┌─ Data in this exercise
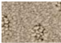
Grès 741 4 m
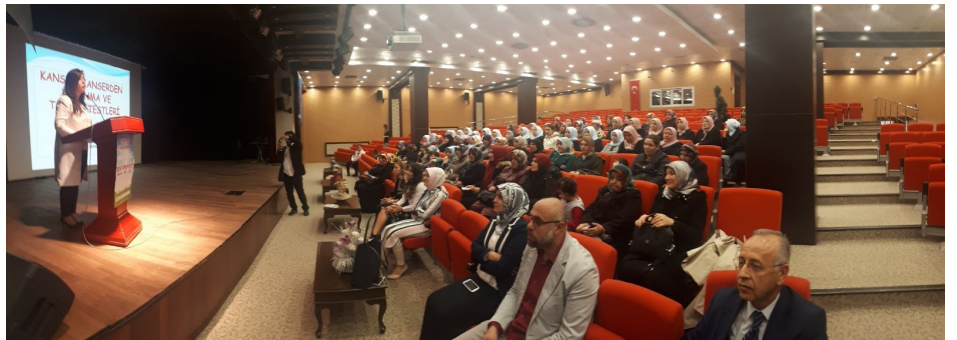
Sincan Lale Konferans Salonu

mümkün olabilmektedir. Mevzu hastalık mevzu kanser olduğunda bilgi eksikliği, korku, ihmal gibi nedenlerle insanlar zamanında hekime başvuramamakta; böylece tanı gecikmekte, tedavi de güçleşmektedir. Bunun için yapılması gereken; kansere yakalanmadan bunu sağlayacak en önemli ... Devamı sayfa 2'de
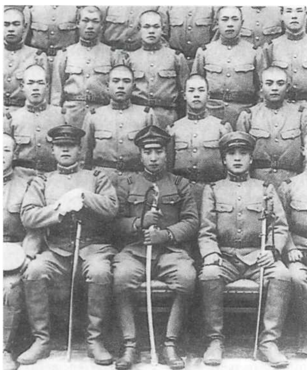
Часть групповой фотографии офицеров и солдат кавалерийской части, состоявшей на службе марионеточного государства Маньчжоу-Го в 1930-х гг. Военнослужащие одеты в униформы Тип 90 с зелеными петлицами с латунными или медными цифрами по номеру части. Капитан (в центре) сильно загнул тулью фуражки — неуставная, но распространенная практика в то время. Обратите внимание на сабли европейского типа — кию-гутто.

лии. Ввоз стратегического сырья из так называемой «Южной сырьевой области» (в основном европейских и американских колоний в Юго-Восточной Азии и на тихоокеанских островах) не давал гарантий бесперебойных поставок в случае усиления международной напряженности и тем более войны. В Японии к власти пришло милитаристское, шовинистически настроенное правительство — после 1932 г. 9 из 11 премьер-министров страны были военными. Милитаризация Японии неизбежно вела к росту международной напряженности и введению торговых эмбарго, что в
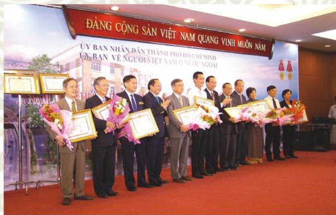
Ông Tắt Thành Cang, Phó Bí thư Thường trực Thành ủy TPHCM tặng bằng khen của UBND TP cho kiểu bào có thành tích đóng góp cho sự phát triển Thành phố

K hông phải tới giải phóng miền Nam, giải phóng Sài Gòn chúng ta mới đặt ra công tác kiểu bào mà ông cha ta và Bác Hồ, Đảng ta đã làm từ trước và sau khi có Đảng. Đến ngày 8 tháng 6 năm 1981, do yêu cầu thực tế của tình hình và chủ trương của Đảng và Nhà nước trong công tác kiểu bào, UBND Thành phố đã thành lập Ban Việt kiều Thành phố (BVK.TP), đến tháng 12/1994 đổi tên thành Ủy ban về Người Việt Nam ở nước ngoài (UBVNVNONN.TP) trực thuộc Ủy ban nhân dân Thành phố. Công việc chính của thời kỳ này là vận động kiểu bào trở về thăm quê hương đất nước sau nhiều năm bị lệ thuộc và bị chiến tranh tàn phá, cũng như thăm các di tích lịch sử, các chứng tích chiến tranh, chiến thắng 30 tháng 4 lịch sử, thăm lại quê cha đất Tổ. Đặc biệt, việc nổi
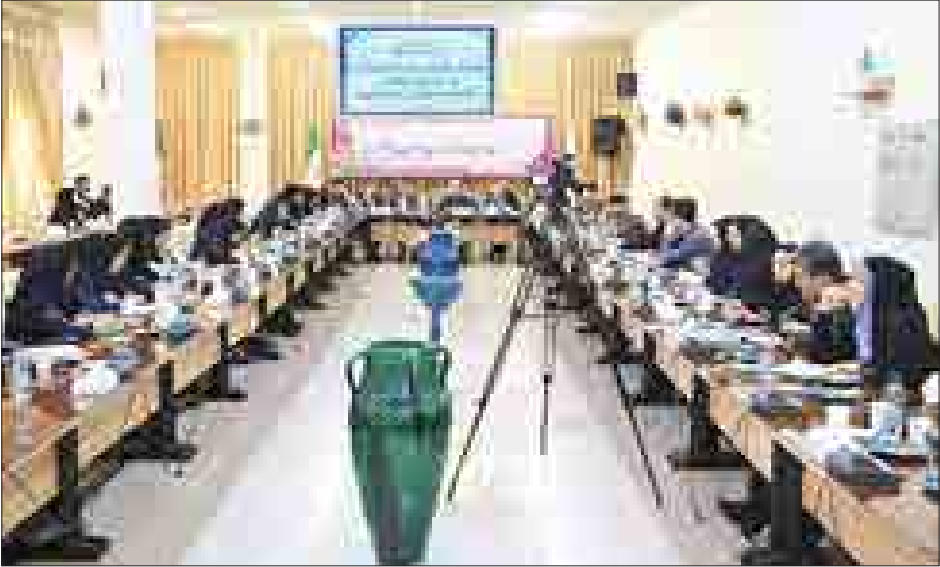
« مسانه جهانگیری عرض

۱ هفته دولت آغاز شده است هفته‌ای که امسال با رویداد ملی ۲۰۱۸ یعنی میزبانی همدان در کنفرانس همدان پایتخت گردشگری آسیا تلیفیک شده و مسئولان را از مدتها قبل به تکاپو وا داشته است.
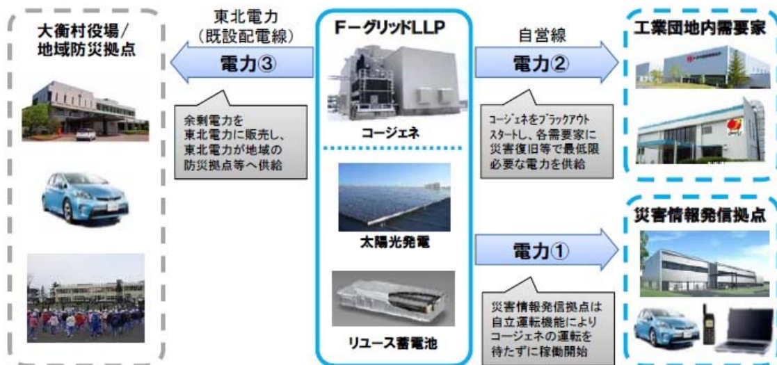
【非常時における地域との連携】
└─
┌─ Data in this exercise
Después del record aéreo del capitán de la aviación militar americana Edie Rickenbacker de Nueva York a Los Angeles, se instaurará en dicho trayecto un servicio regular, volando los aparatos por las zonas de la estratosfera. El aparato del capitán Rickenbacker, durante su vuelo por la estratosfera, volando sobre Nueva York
└─
┌─ Data in this exercise
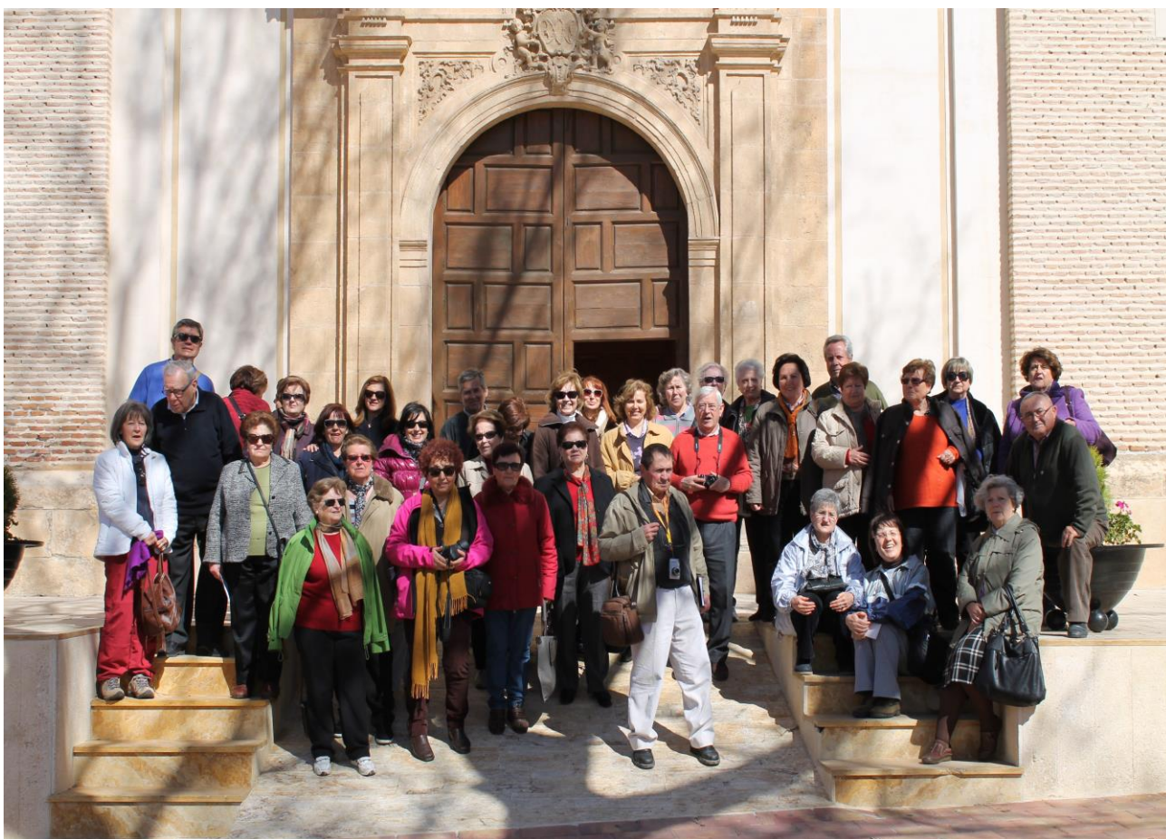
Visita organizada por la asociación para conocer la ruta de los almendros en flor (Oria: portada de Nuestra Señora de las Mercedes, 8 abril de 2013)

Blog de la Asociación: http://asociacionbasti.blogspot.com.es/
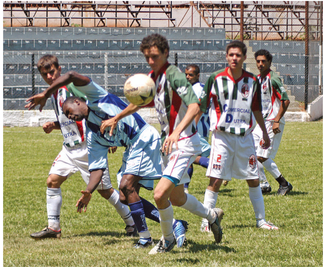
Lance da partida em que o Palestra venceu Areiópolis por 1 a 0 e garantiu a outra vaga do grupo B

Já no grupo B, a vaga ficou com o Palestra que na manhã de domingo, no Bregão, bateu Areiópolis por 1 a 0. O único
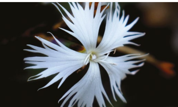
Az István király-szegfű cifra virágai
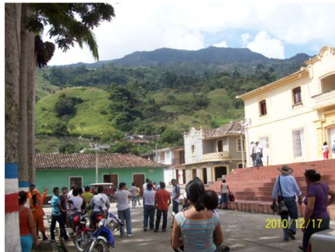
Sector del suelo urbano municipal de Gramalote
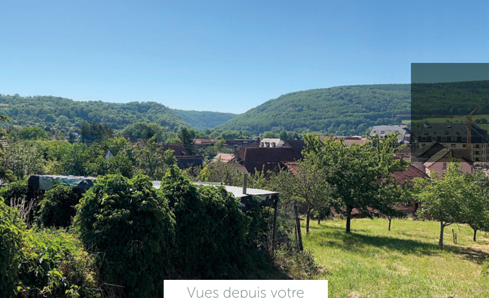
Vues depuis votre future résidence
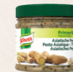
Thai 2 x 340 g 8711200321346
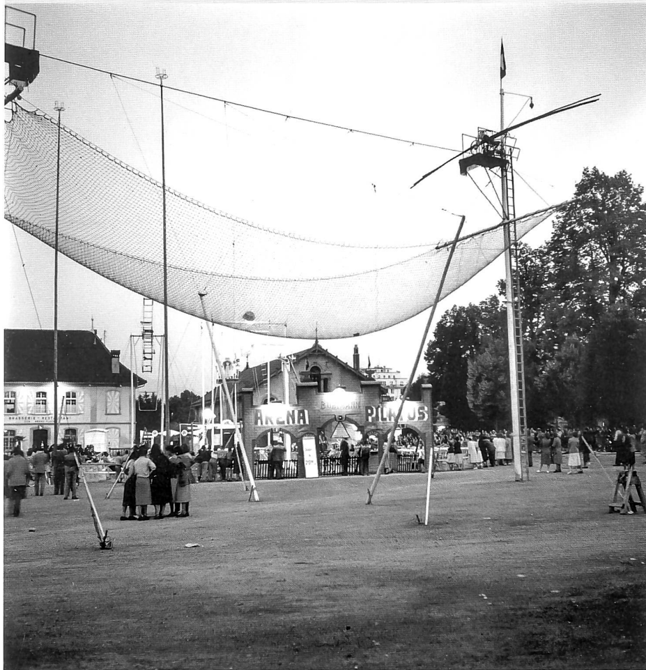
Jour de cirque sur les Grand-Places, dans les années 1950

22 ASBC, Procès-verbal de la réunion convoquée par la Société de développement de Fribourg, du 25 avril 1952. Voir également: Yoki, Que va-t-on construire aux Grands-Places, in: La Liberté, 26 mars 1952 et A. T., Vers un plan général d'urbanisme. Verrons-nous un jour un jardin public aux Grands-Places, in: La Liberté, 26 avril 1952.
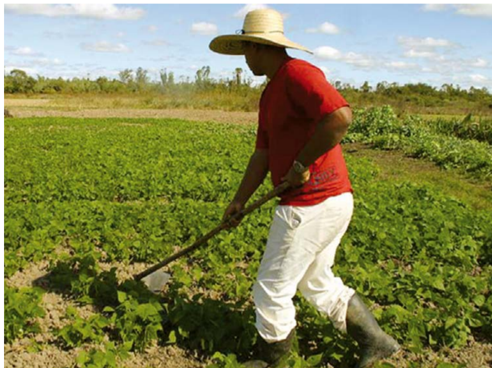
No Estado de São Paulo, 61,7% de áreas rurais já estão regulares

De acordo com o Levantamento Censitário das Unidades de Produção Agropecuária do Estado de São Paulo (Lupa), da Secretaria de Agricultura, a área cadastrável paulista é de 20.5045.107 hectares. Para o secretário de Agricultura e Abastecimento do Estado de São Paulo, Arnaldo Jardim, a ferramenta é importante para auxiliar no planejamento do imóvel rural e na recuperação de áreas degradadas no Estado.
└─
Work instruction: Lines from the one above containing "Az István király-szegfű cifra virágai" down to the one containing "Jour de cirque" should be transcribed exactly, with both ends kept and no pictures.

The answer:
Az István király-szegfű cifra virágai
Sector del suelo urbano municipal de Gramalote
Vues depuis votre future résidence
Thai 2 x 340 g 8711200321346
Jour de cirque sur les Grand-Places, dans les années 1950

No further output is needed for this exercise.